# salt water nitric acid solution how do i recover platinum



## dezoray (Mar 1, 2011)

I have just began the process and im new to leaching i dont have a problem desolving the gold or platinum its when i precipitate them out they are mixing together is there any way to precipitate the gold and platinum seperatly


----------



## Oz (Mar 2, 2011)

It is near impossible to advise you with so few details as to the process you followed, let alone not knowing your source material.


----------



## Anonymous (Mar 2, 2011)

SSN is primarily used for dissolving base metals,not platinum.
Added:I was not thinking when I wrote the above statement.SSN will in fact dissolve almost any metal,and very fast.The PDF I have states that you are not to use a orp meter with a platinum end because it WILL dissolve it.Sorry about the confusion.


----------



## Gratilla (Mar 2, 2011)

SSN will dissolve a wide range of metals including gold, platinum and unfortunately whatever junk (base) metals you have in your mix.

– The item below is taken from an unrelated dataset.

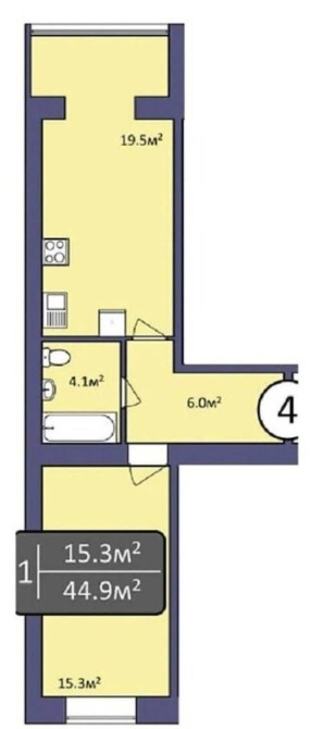 • Загальна площа 46 м2

I think though SSN users are primarily interested in the PGMs.

Selective precipitation is tricky and usually needs a second leach and precipitation (with say AR) to get fairly pure metals.

I'd suggest you consider solvent extraction. There are a number of organic solvents that target (and can produce high-purity) gold. The best known is probably butyl diglyme (BDG), but there are many others including ethyl acetate, diethyl malonate, dichloromethane, etc. I'm currently using BDG, but will probably move to one of the others when my current stock runs out.

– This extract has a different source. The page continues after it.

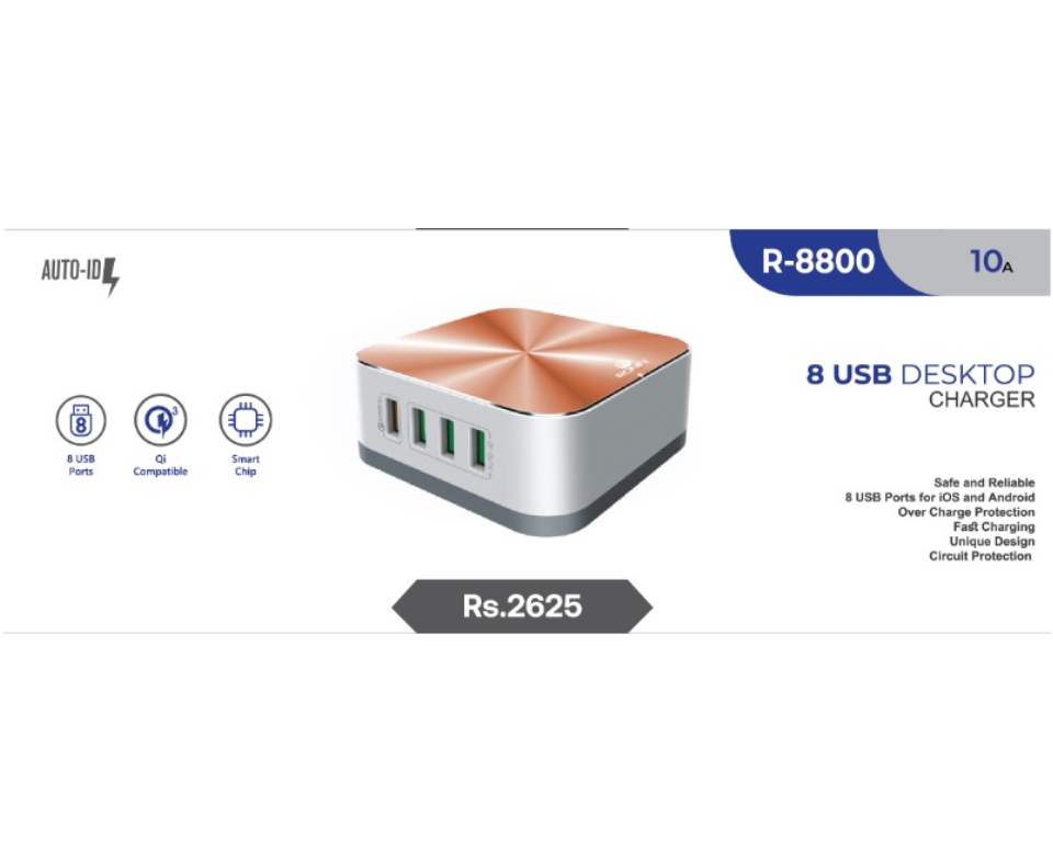 8 ports pump out 50 watts of power, enabling simultaneous multi-device charging.

I know there are organic solvents that target just platinum, but I have no relevant experience; a google should turn up an example or two.

Would welcome any practical experiences of SSN and Solvent eXtraction (SeX <G>).


----------



## freechemist (Mar 3, 2011)

Hello dezoray,

Yes, there are methods to precipitate gold and/or platinum selectively from mixed acicic chloride solutions.

1) If Pt-concentration is high enough and all Pt is Pt(IV) (is in it's four-valent oxidation state), yellow ammonium- or potassium-hexachloroplatinate can be precipitated by slow addition of ammonium- or potassium-chloride solution. After thourough mixing of the resulting suspension let stand overnight in a cool place to complete cristallization. The overnatant liquid contains the gold and still some small quantity of platinum. The platinum salt on the filter has to be washed with small portions of ice-cold water and may still contain traces of gold.

2) Gold can be precipitated selectively and quantitatively with oxalic acid. The Au/Pt- solution is treated with a slight excess (about 10%) of oxalic acid, dissolved in water. The resulting mixture is digested on a nearly boiling water-bath for 12-24 hours to make gold-precipitation complete. The resulting gold usually is pure and contains no platinum.

Regards, freechemist


----------



## wade brenckle (Jul 24, 2012)

I have a mix of AR that I want to try the oxalic acid on. Are you saying that the mix should be near boiling to use ? Or will it react to near boiling ? Or can it simply be put in the mix. I see in some post here that it is to be mixed with water Pryor to adding it to the AR mix. Silly Q? here but does it have to be mixed with the water first ? I just let it sit 3 days after adding 4 parts water to it. Cant refference hoke at the moment. I had to rebuild my computer, and I'm having a problem getting hoke back. Some pages are not responding when I try to download, or even view. Not just hoke many things.


----------



## Palladium (Jul 24, 2012)

You can read it on the Scribd site in the link below in my sig line without downloading it with their pdf viewer.


----------